BEGIN

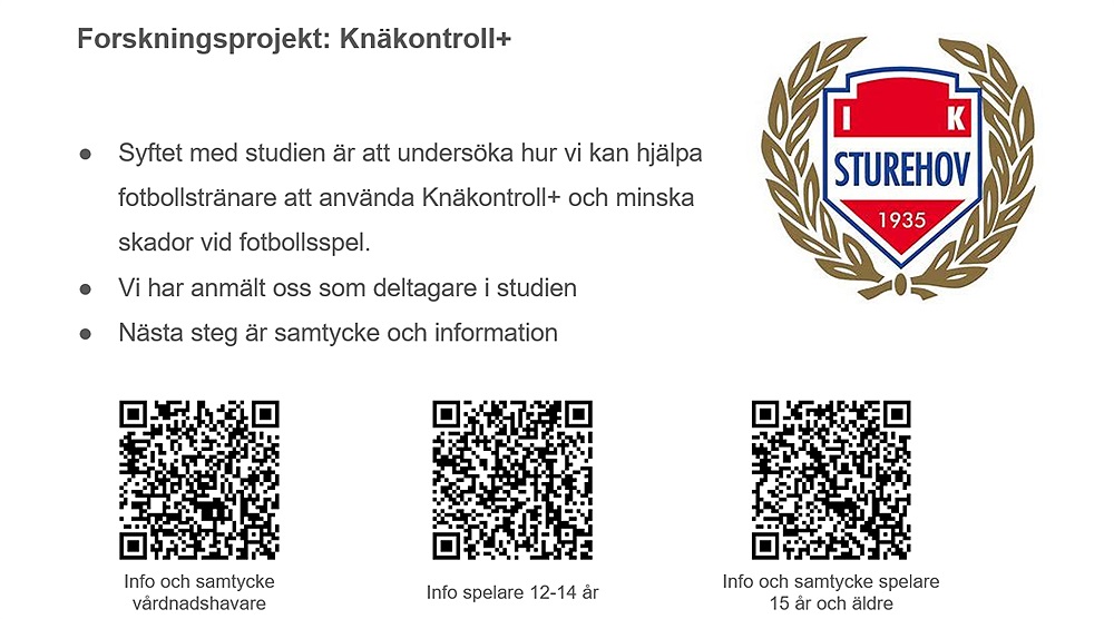 På föräldrainformationen så lyfte vi upp att vi har anmält oss till ett forskningsprojekt som går ut på att ta fram ännu bättre träningsmaterial för att stärka fotbollsspelares knän från skador.
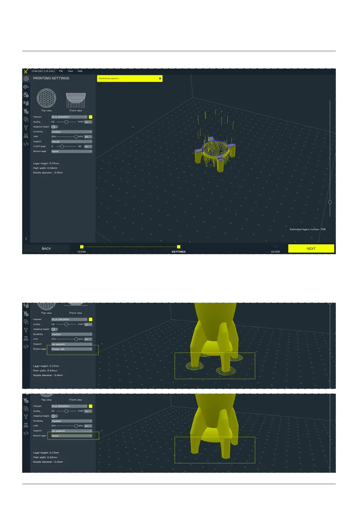 Power raft - an option used to enable/disable power raft, i.e. a platform that increases the adhesion of the
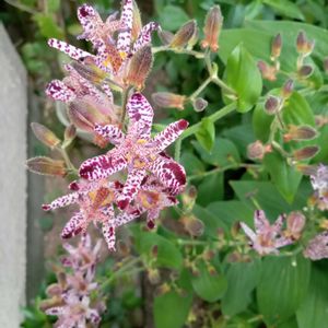 今日のお花🌸ホトトギス🌸 ①②③職場の庭で 毎年 咲いてくれます💕(9月末) ④今のホトトギスさん🤍💜 ⑤実家のホトトギスさん🤍💜
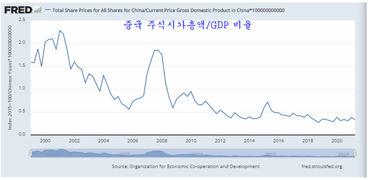 쥬라기: 중국은 주식 시가총액을 국내총생산 GDP로 나눈 비율이 10년간 줄었죠.
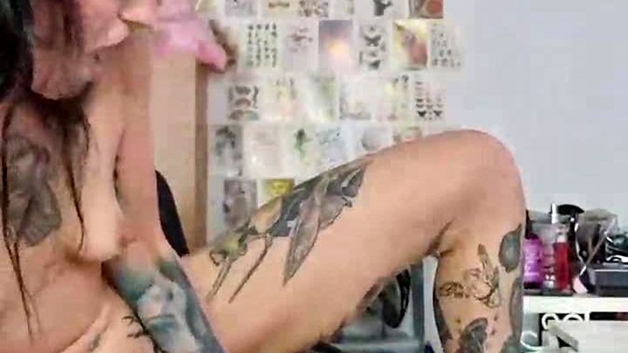 Contrasting tall skinny girl with tattoos rides cock to moaning orgasm in pov
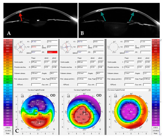 The exchange of a previously implanted single ICRS with a long-arc 320° ICRS. (A). Single ICRS (red arrow) preoperatively. (B). After exchange of single ICRS for a long-arc 320° ICRSs (green arrows) postoperatively. (C). A comparative preoperative axial map, showing significant flattening of up to 13 D postoperatively (C, right).
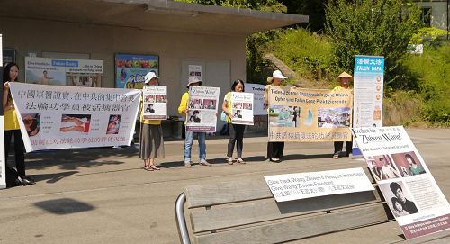 当天的活动地点在车站旁,很多路人及在公车上的乘客纷纷关注学员打出的横幅,横幅的内容除了介绍王治文的经历,也向人们介绍法轮功是什么,并揭露中共对法轮功学员的迫害以及其活摘法轮功学员器官的罪行。
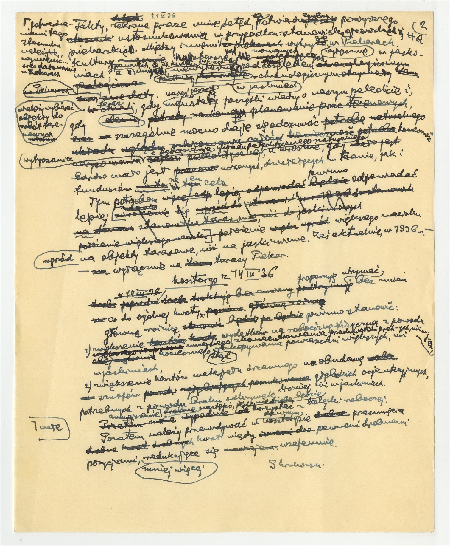 Rękopis - brudnopis listu Stefana Krukowskiego do Zarządu Funduszu Kultury Narodowej z dn. 21 V 1936 r. (cd)

END

Directions for this task —
The answer must be the full listing above, copied exactly, with no pictures in it.

Response box —
 På föräldrainformationen så lyfte vi upp att vi har anmält oss till ett forskningsprojekt som går ut på att ta fram ännu bättre träningsmaterial för att stärka fotbollsspelares knän från skador.
 Power raft - an option used to enable/disable power raft, i.e. a platform that increases the adhesion of the
 今日のお花🌸ホトトギス🌸 ①②③職場の庭で 毎年 咲いてくれます💕(9月末) ④今のホトトギスさん🤍💜 ⑤実家のホトトギスさん🤍💜
 쥬라기: 중국은 주식 시가총액을 국내총생산 GDP로 나눈 비율이 10년간 줄었죠.
 Contrasting tall skinny girl with tattoos rides cock to moaning orgasm in pov
 The exchange of a previously implanted single ICRS with a long-arc 320° ICRS. (A). Single ICRS (red arrow) preoperatively. (B). After exchange of single ICRS for a long-arc 320° ICRSs (green arrows) postoperatively. (C). A comparative preoperative axial map, showing significant flattening of up to 13 D postoperatively (C, right).
 当天的活动地点在车站旁,很多路人及在公车上的乘客纷纷关注学员打出的横幅,横幅的内容除了介绍王治文的经历,也向人们介绍法轮功是什么,并揭露中共对法轮功学员的迫害以及其活摘法轮功学员器官的罪行。
 Rękopis - brudnopis listu Stefana Krukowskiego do Zarządu Funduszu Kultury Narodowej z dn. 21 V 1936 r. (cd)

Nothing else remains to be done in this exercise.